Given that it's a fundamental limitation of the NT scheduler (not present in Linux), it seems like it'd be on the table for "yeah, windows makes this way harder, and a lot of applications won't scale the same way on windows as their Linux versions will", rather than "oh, that just doesn't count because they aren't using it right".
EDIT: As an aside, this kind of thing is exactly why Linux doesn't provide binary compatibility on the driver level. It's easy to paint yourself into a corner by making decisions that were perfectly sane 20 years ago. Now NT has fundamental limitations, hitting even harder in kernel space where nearly every driver out there has some macros compiled in that touched these structures. It's bad enough at the syscall layer, but it's even worse when you can't change things with code that's directly modifying internal structures.
This is exactly why Linux won't provide a driver ABI, and why it's a good thing.
Either way, if it doesn't work in the benchmark, it doesn't really matter who's at fault (as long as the benchmark isn't completely synthetic)?
I am not defending the utter shittiness of the Win32 Processor group API design, which is the usual overly complicated Win32 API that only makes sense to an NT kernel developer. I can see why no application developer bothered to incorporate that in their software. It's basically asking you to do thread scheduling yourself for >64 cores.
But I'm always annoyed to see people whinging about Windows performance when they're using "cross-platform" applications (that are using the lowest common denominator APIs) to supposedly measure perf.
For an application that knows the OS environment it's running in, the "scheduler" or the "kernel" is very unlikely to be an actual impediment most of the time. I use quotes because those words are usually used to mean "my app doesn't run as I expect and it can't be my fault".
This is true of all operating systems.
An old MSDN doc [1] actually says "The reason for initially limiting all threads to a single group is that 64 processors is more than adequate for the typical application.". There is no newer doc that I could find, so perhaps the design hasn't changed in 8 or 10.
"XYZ should be more than adequate for the typical application" is like a Microsoft basic design principle or something :-)
[1]https://docs.microsoft.com/en-us/previous-versions/windows/h...
They also used a version of Windows aimed at desktop/graphical uses and not Server. I wouldn't be surprised if Desktop Windows didn't like having apps use a lot of CPU (making the system feel unresponsive) but server didn't mind.

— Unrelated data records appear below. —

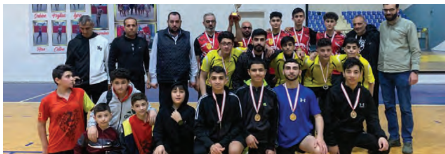
من تتويج الفرق الفائزة

الثاني في الترتيب العام. النتائج الفردية:
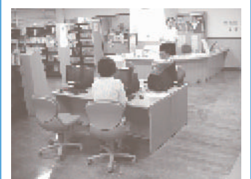
情報資料室では、男女共同参画関連図書や絵本の貸出のほか、ビデオを観ることもできます。

近鉄若江岩田駅前の市街地再開発ビル(希来里)施設棟6階にあります。 ホール、ギャラリー、情報資料室、研修室、ワークルーム、子ども室などが設置され、 さまざまな事業を行っているほか、市民の自主的な活動を支援する場所です。 平日は午後9時半まで開いていますので仕事帰りに利用することもできます。 (休館：月曜・祝日・年末年始。日曜は午後6時まで)
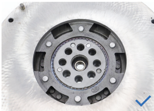
Uchwyty po demontażu nieuszkodzone
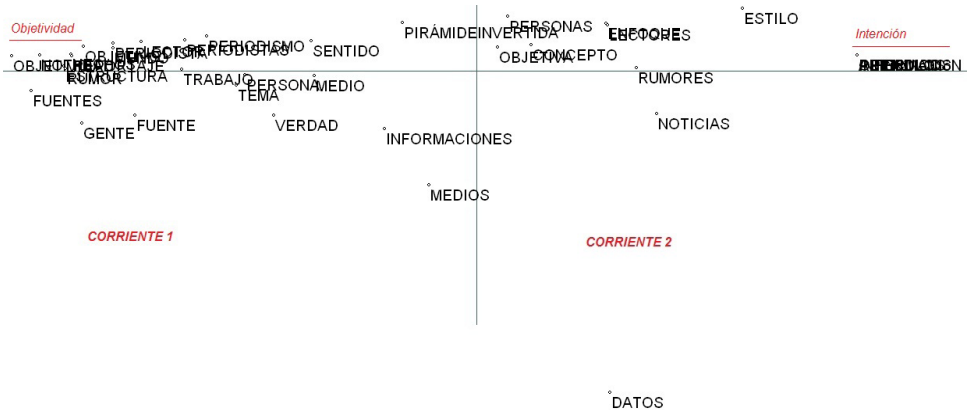
Figura 3. Mapa situacional estructural de las asociaciones léxicas de las cuarenta palabras–tema de la objetividad

Pero, además de desmontar terminológicamente los conceptos que asientan la noción de la objetividad entre los informadores, el otro gran interés de este análisis es determinar las asociaciones que se establecen entre esos mismos términos. En el siguiente mapa perceptual notamos que el grupo de entrevistados tiende a asociar esos cuarenta términos en dos corrientes dispersas según el posicionamiento general de las asociaciones. El grado de cercanía entre las etiquetas terminológicas significa, asimismo, el grado de cercanía en que esas palabras suelen aparecer en las respuestas evaluadas 3 :
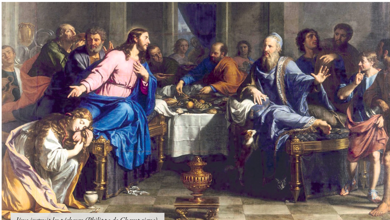
Jésus instruit les pécheurs (Philippe de Champaigne)

Qu'il est beau, cet ordre de la charité ! Dieu d'abord, que l'on aime par-dessus tout, par-dessus nous-même et par-dessus les autres hommes. Ce « par-dessus tout », du reste, peut aller loin. Dans une tragédie qui trouve de nos jours une pertinence particulière, Corneille faisait dire à Néarque, à l'adresse de Polyeucte encore hésitant :
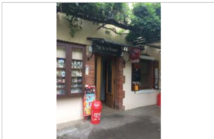
Vue de la façade du Café de la presqu'île

Altitude calculée de l'eau (en m) : 197.655
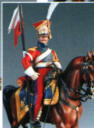
CLRG1 : LANCIER ROUGE DE LA GARDE 1813 LANCIERE ROSSO DELLA GUARDIA 1813 MM81 : RED LANCER OF THE GUARD 1813
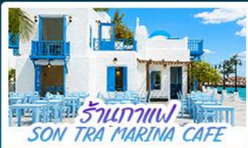
ร้านกาแฟ SON TRA MARINA CAFE
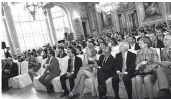
Panorámica de los asistentes en el Salón Real del Casino de Madrid

Semejante efeméride merecía sin duda una celebración a la altura. Es por ello que en esta oportunidad la ceremonia de entrega de estos preciados galardones tuvo lugar en un sitio emblemático como sin duda es el Casino de Madrid. Un edificio singular, erigido en 1835, y que albergó un acto que estuvo cargado de emoción y en el que compartieron protagonismo los premiados de la presente edición con el repaso de una brillantísima trayectoria que ha alcanzado ya el cuarto de siglo.

I’d be absolutely shocked if Windows didn’t have a similar process.
linux/Documentation/vm/numa.rst states it was started in 1999, was windows going anywhere near NUMA architectures back then?
They used to have a "Datacenter" SKU of the server where you'd find most of these kinds of features. This was only available with OEM hardware IIRC.

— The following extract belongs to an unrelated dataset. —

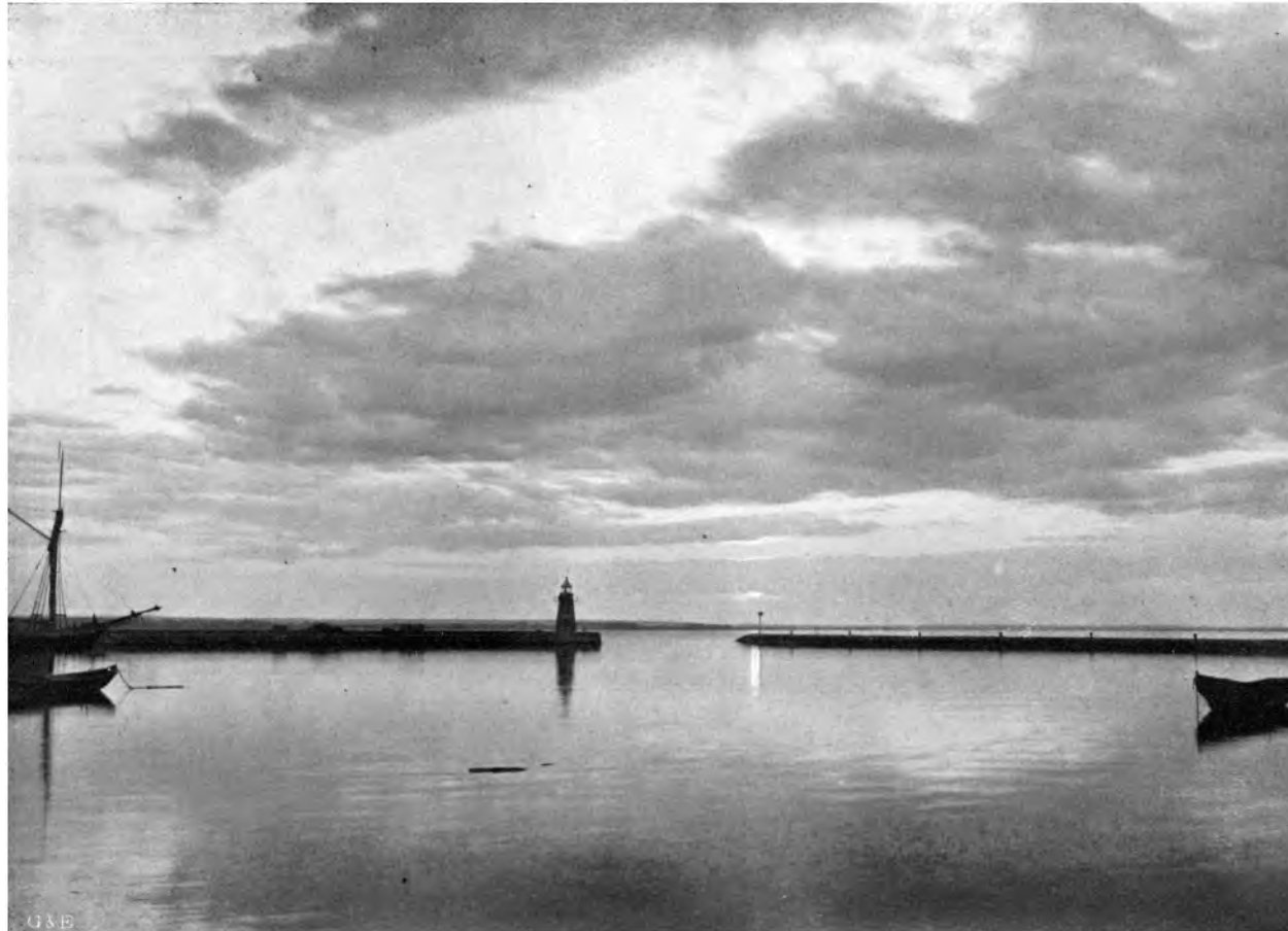
DER HAFEN VON GRENNÄ AM WETTERNSEE, SCHWEDEN
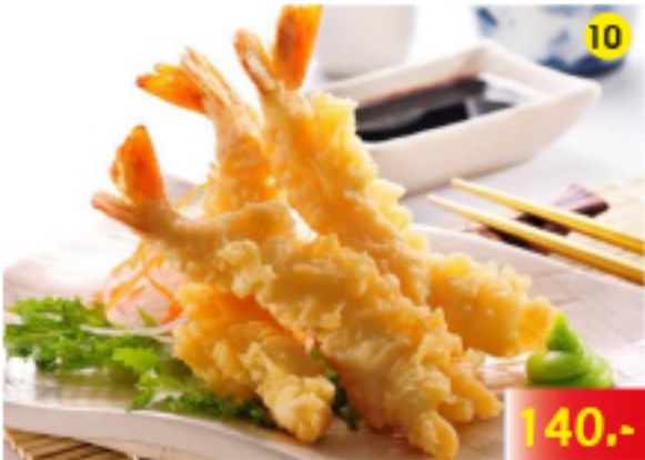
กุ้งชุบแป้งทอด Shrimps Tempura Shrimps Tempura

https://docs.microsoft.com/en-us/windows/win32/fileio/i-o-co...
However, any software that does that will likely NOT be cross platform.

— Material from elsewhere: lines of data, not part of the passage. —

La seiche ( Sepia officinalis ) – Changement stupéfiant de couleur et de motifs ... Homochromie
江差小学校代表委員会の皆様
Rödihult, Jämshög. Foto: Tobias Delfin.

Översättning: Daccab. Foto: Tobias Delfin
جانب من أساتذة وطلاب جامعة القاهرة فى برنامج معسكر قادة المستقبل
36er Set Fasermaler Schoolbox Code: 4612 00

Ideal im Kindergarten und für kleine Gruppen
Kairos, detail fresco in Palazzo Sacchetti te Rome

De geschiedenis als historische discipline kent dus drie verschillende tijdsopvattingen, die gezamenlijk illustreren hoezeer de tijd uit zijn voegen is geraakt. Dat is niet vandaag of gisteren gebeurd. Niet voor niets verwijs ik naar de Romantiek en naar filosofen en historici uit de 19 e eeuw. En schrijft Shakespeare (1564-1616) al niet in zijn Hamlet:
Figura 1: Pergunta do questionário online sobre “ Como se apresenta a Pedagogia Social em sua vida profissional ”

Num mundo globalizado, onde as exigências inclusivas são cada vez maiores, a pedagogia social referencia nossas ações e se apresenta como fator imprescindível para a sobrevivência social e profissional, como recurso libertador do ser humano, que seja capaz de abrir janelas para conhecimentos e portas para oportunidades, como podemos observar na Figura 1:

In addition, if you want to benchmark the kernel, you should run against ram disk and not SSD.
There are some decent "cross platform" platforms, such as Java or C#, which have a better degree of performance compatibility. But if you're working at the system level (aka: PThreads / epoll with Linux, or Windows Threads / Critical Sections / Completion Ports), you need to use the OS-specific code to truly reach best performance.
Java, especially with high-performance JVMs like Azul, can be surprisingly efficient. But to achieve the best performance on the Java Azul Zing runtime, means to use Java Azul-specific libraries! Once again, tying yourself down to a platform.
As it turns out, performance is the hardest thing to port. You can somewhat easily port functionality to any system and kludge things together (with effort, your C# code can port over to .Net Mono and run on Linux). But to actually get performance guarantees with primitives is almost always platform specific testing.
Case in point: you may make certain assumptions about the Linux scheduler, only for the Linux scheduler to change from O(n) to O(1) to Completely Fair, and today the System Admin can change scheduler details to better tune the needs of your application. These things have an effect on performance that make it difficult to port between systems... or even between the SAME system running slightly different configurations (ex: misconfigure Huge Pages on one box)
Presumably built using the Intel compiler which specifically penalizes using AMD CPUs.
Would explain the advantage at low core counts that windows has.
I have been keeping on eye on DragonflyBSD for years now, it does some very interesting things, so this:
> Coming up next I will be looking at the FreeBSD / DragonFlyBSD performance on the Threadripper 3990X
has me excited.
Were those programs built with the same toolchain? Could it be, that some library the lagging ones use is causing the problem?